Warning: if you use a comma, double quote the text, e.g., define(`_ERR_MSG_USER_',``"501 You are banned, see URL for more information."'')
used by: check_mail3.m4
_IP_LOOKUP_
do a reverse IP lookup if the FROM address is given as user@[A.B.C.D]
used by: check_mail3.m4
recommended
_ISMX_
option to use the patch (local copy) from Miquel van Smoorenburg to find out for which machines your mailserver is secondary MX and therefore should be allowed to receive mail through this server.
used by: check_rcpt4.m4
(part of sendmail 8.9)
_JUNK_IP_RULES_
checks IP address of client in check_mail against junk map
used by: check_mail3.m4 (introduced in version: 3.9.0, 1998-01-01)
(thanks to: Peter Seebach)
_JUNK_MAP_LOC_
define location of the junk map (so it's easier to place the map into another location without repeating map type and options)
used by: junk.m4 (introduced in version 1.0.8, 1998-07-05).
(Thanks to: Brad Knowles)
_LOCAL_IP_MAP_
use a map instead of a class for LocalIP, default:
_CHECK_MAP_TYPE_ -a@MATCH /etc/mail/localIP
used by: check_rcpt4.m4 (introduced in version 3.1.5, 1998-01-18).
(suggested by: Jeff Wasilko)
(part of sendmail 8.9)
if the RHS of the map is NO, relaying will be denied. This is useful for disallowing subnets or hosts, e.g.,
134.245		OK
134.245.99.100	NO
(introduced in version 3.1.9, 1998-04-17)
(Suggested by: Chris Thomas)
_MAPS_RBL_
Each check_mail version was able to make use of Paul Vixie's RBL. It can have an argument which is taken as address for the lookup.
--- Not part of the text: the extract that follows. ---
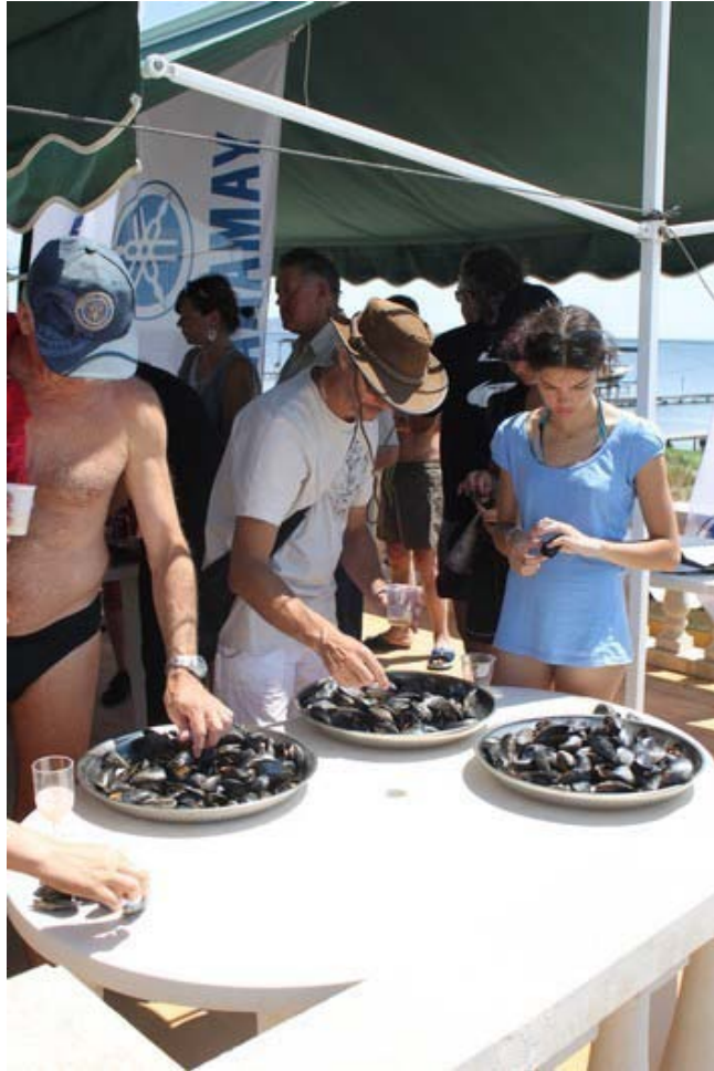
Les moules ravivent nos papilles...

Default:
rbl.maps.vix.com (don't use this, it's dead!) If you change it, you probably want to define _MAPS_RBL_URL_ too, which denotes the URL for the error message.
used by: check_mail3.m4
(part of sendmail 8.9)
_MAPS_RBL_2_
can be used to refer to another DNS based blacklist and _MAPS_RBL_URL_2_ should be defined as some URL pointing to an explanation.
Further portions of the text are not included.